Handoff summarizer — fine-tuned small model on 12K historical escalations; outputs schema-valid JSON only.
Validator gate — rejects packages missing account_id or problem_statement; tier-1 must repair once before queue insert.
CRM sidebar — humans see four fields + attempted actions list; raw chat collapsed by default.
Warm chat bridge — user sees “Specialist joining…” for 2–4 s while tier-2 context loads.

Repeat contact within 7 days on escalated threads 41% → 27%. Median time-to-resolution on escalations 47 → 28 minutes. Human agent CSAT on escalations 3.1 → 4.0 (5-point scale).

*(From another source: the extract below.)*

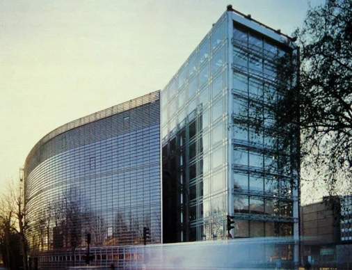 阿拉伯世界来自研究中心(The Arab World Institute,罗你轴小着须明内Pairs,France,1981~1987年)位于法国巴黎塞纳河畔。建筑分为两个部分,半月形的部分沿着塞纳河的河岸线弯曲,平直的部分则呼应着城市规划的道路网格,中间有一个贯通顶部的天庭。

Tier-1 average handle time rose 8 seconds (summarizer call) — net savings from fewer repeat calls.

Technique decision table

Need	Prefer	Avoid
Same profile, more tool rounds	Continue session	Handoff
Subtask with isolated tools	Subagent delegation	User-visible handoff
Specialist model or human	Typed transfer package	Full chat paste
Voice escalation	Warm transfer + bridge copy	Cold drop to hold music
Async email follow-up	Package-driven template	Empty “we’ll get back to you”
Debug wrong escalation	Linked source_run_id trace	Re-run tier-1 from scratch
Compliance audit	Immutable handoff_id + schema version	Editable free-text notes only

Common pitfalls

Dumping full chat history — buries signal; blows receiver token budget.
Handoff without validation — tier-2 inherits hallucinated account IDs.
Duplicate verification — customers churn; respect prior auth scope.
No outgoing run termination — user messages hit both bots; conflicting replies.
Generic escalation pool — billing waits behind sales; use profile routing.
Missing attempted_actions — receiver repeats failed refunds.
PII leakage across profiles — redact or scope fields per receiver RBAC.
Orphan packages — user never connects; TTL and notify tier-1.

Production checklist

Define handoff triggers with mapped target profiles and priority.
Ship versioned session transfer schema with validator gate.
Run handoff summarizer on structured state, not raw chat alone.
Pre-load receiver context before user sees handoff complete.
Terminate or freeze outgoing run on successful handoff ack.
Render human-facing sidebar fields separate from model prompt block.
Link source and target spans with handoff_id.
Support warm and cold modes per channel policy.
Preserve verification scope across channel switches where policy allows.
TTL abandoned packages; offer resume on return.
Log schema version for compliance replay.
Measure repeat-contact rate and escalation handle time pre/post.

Key takeaways

Handoff is a boundary contract, not a longer chat log.
Harbor cut repeat contacts 41% → 27% with typed packages and CRM sidebar.
Warm transfer pre-loads receiver context before the user continues.
Delegate subtasks; hand off when profile, human, or channel must change.
Trace-linked handoffs make cross-tier debugging auditable.